神社をめぐっていると、由緒書きや案内板に**「延喜式神名帳(えんぎしきじんみょうちょう)」**という言葉を目にすることがあると思います。
「式内社」や「式外社」といった言葉も、この延喜式神名帳に由来しています。
では、この「延喜式神名帳」とは一体何なのでしょうか?
今回はその歴史的背景や内容、そして神社めぐりを楽しむうえでのポイントをわかりやすく解説します。
◆ 延喜式神名帳とは?
延喜式神名帳とは、平安時代に編纂された法典『延喜式(えんぎしき)』の中に収められた、全国の神社一覧のことです。
- 編纂:延喜5年(905年)に開始
- 完成:延長5年(927年)
- 内容:律令制度に基づき、国家が祭祀を行う「官社(かんしゃ)」を記録
この神名帳には、**全国で2861座(3132社)**の神社が記載されています。
つまり、国家的に「正規の神社」として認められていた神々のリストといえるのです。
◆ 記載された神社の社格
延喜式神名帳に記載された神社は、後世に「式内社(しきないしゃ)」と呼ばれるようになります。

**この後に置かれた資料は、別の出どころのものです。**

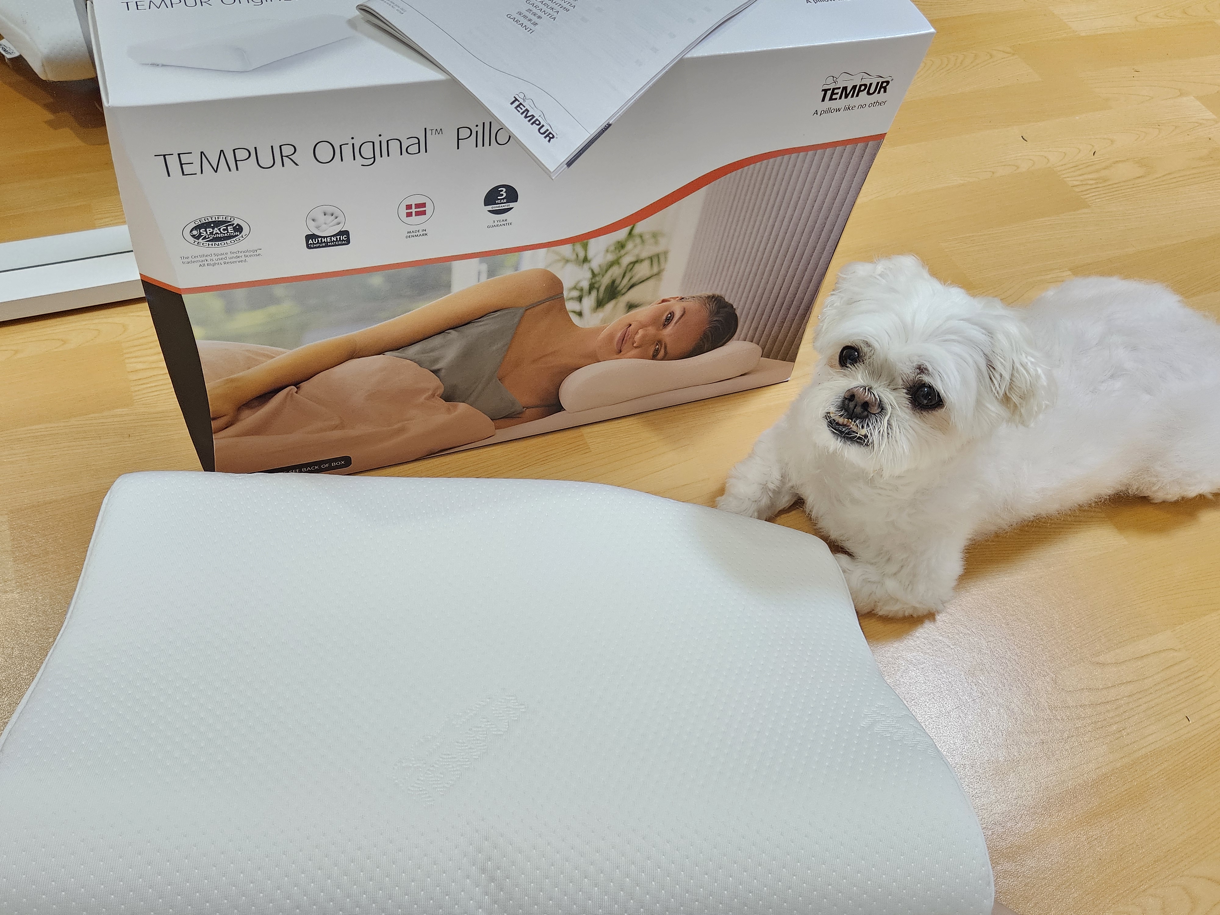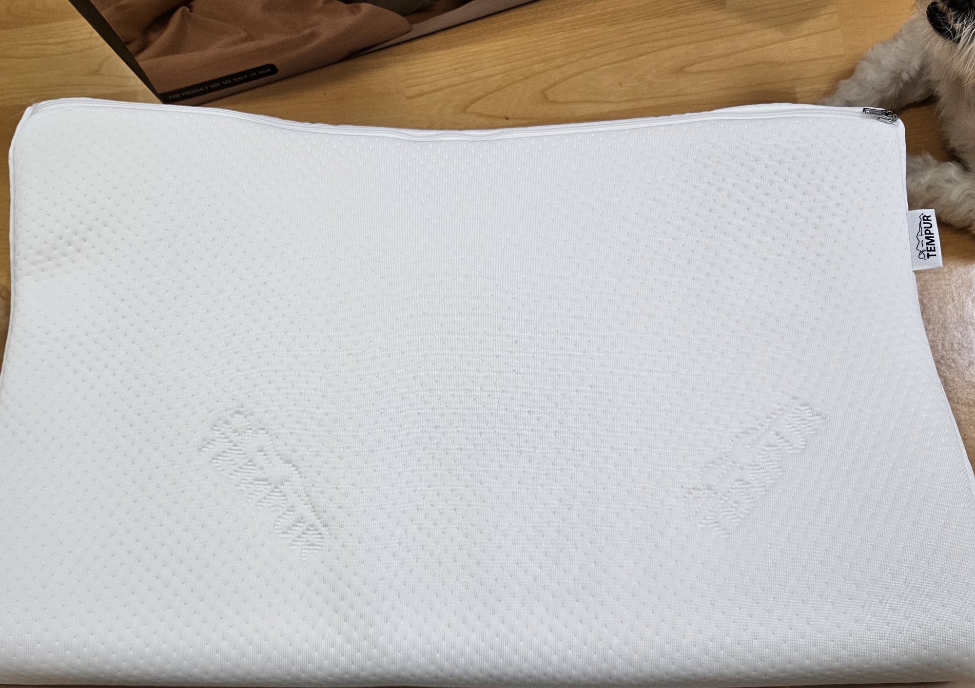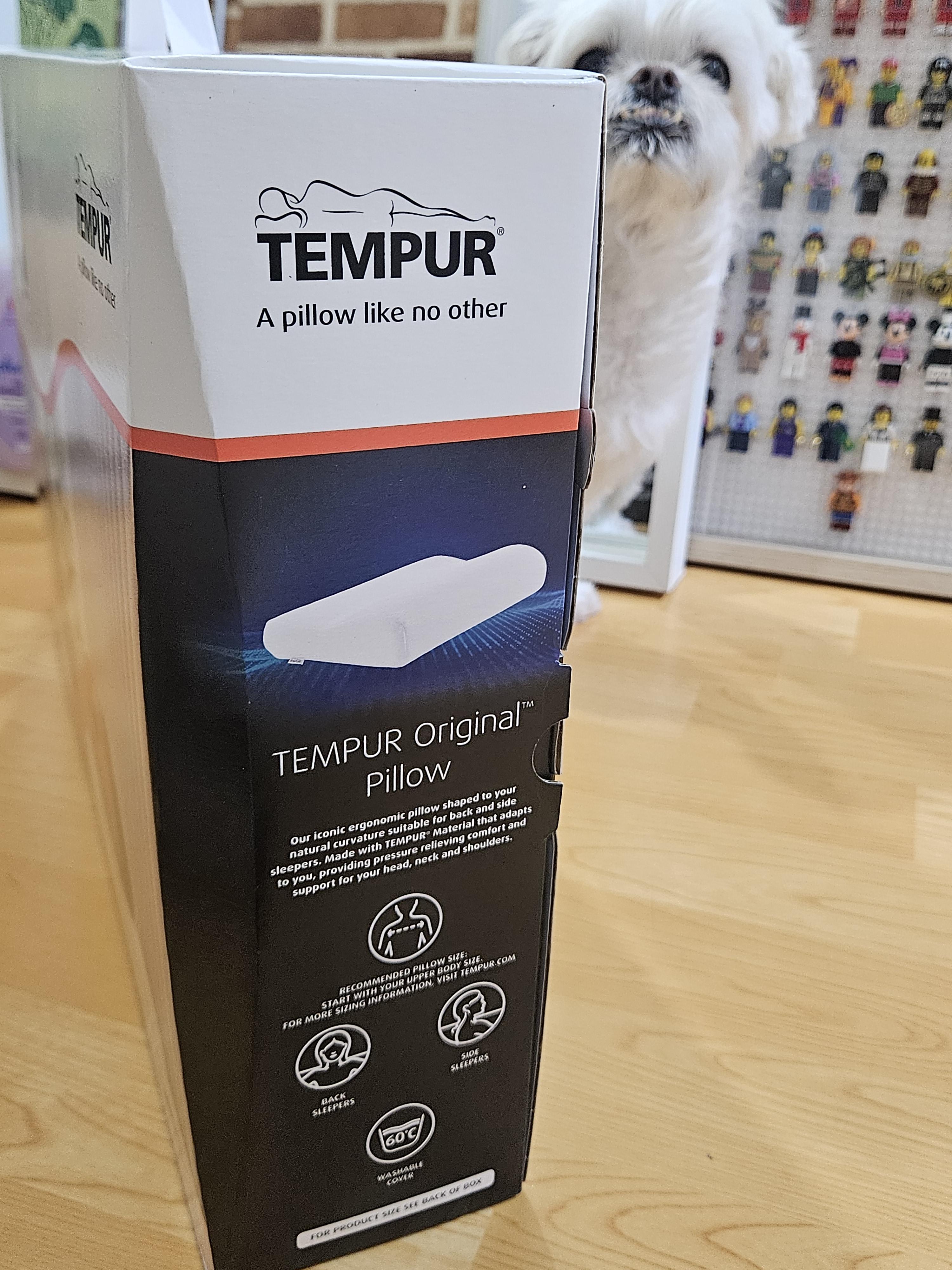 템퍼 전용 박스에 베개 전용 지함에 담겨온 오리지널 필로우. 베개 전용 박스는 손잡이가 있어서 선물용으로도 좋아 보임.
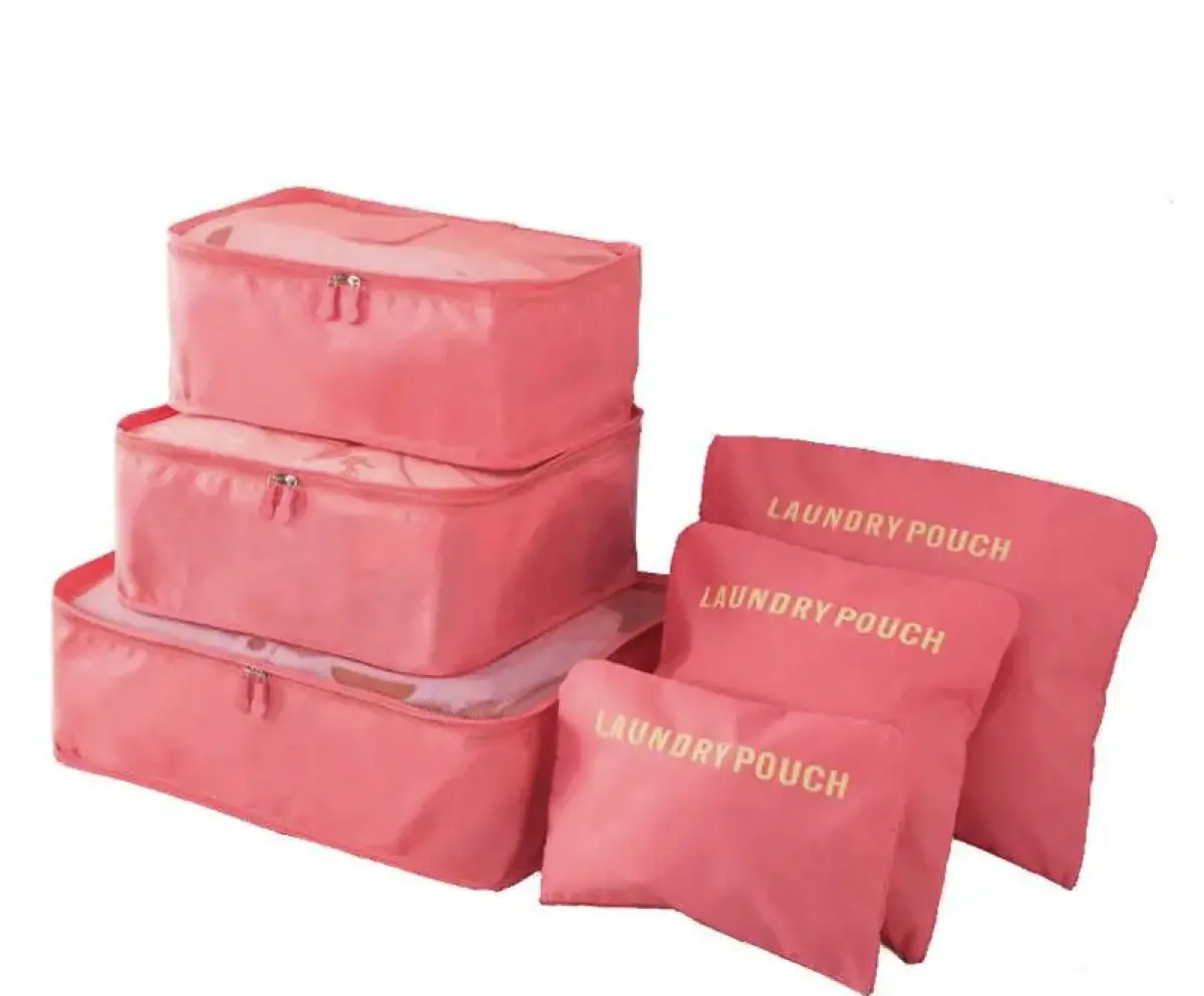 Optimiza cada rincón de tu equipaje con este conjunto de organizadores rosados. Su versatilidad te permite separar prendas, accesorios y objetos personales sin desorden. Fabricados con materiales resistentes al agua y de fácil limpieza, cuidan la ropa y maximizan el espacio disponible en la valija. Su diseño elegante y funcional despierta confianza y hace del orden algo esperable, no un sacrificio. Todo viajero smart lo necesita en su kit.

これに対して、記載されなかった神社は「式外社(しきげしゃ)」と呼ばれます。
さらに、式内社の中でも細かく分類がなされました。
- 官幣社(かんぺいしゃ)
中央(朝廷)が祭祀を行う神社。皇室にゆかりが深い。 - 国幣社(こくへいしゃ)
各国(地方)の国司が祭祀を行う神社。地域の守護神。 - 大社・小社
その中でも神社の格式や重要度に応じて「大」「小」に区分。
たとえば「官幣大社」「国幣小社」といった形で呼ばれます。
◆ 神社めぐりにおける「延喜式神名帳」
現在でも、延喜式神名帳に記載された神社を**「式内社」**と総称し、由緒ある古社として尊重する傾向があります。
- 社号標に「式内社」と刻まれている神社が多い
- 神社の由緒を知るときに「式内〇〇社」と表記されている
- 神社研究や歴史愛好家にとって重要な基準
特に、地方の神社を訪れると「この神社は延喜式に載っているのかどうか」が、その神社の歴史的価値を知る手がかりになります。
◆ 延喜式神名帳の魅力と楽しみ方
延喜式神名帳は単なる「古い神社リスト」ではなく、千年以上前の人々がどんな神を大切に祀っていたかを示す歴史資料でもあります。
神社めぐりの際には、
- 参拝する神社が「式内社」かどうかを確認する
- 近隣の「式内社」をまとめて訪ねてみる
- 「式外社」との違いを楽しむ
といった視点を持つと、参拝がさらに奥深い体験になるでしょう。
◆ まとめ
延喜式神名帳とは、
- 平安時代に国家が編纂した「公式の神社一覧」
- 記載された神社は「式内社」と呼ばれ、格式高い存在
- 現代の神社めぐりでも、神社の歴史や格を知る重要な手がかり
であることがわかります。
社号標に「延喜式内社」と刻まれた神社を見かけたら、それは千年以上前からの歴史を背負った古社である証。
ぜひ、その由緒を感じながら参拝してみてください。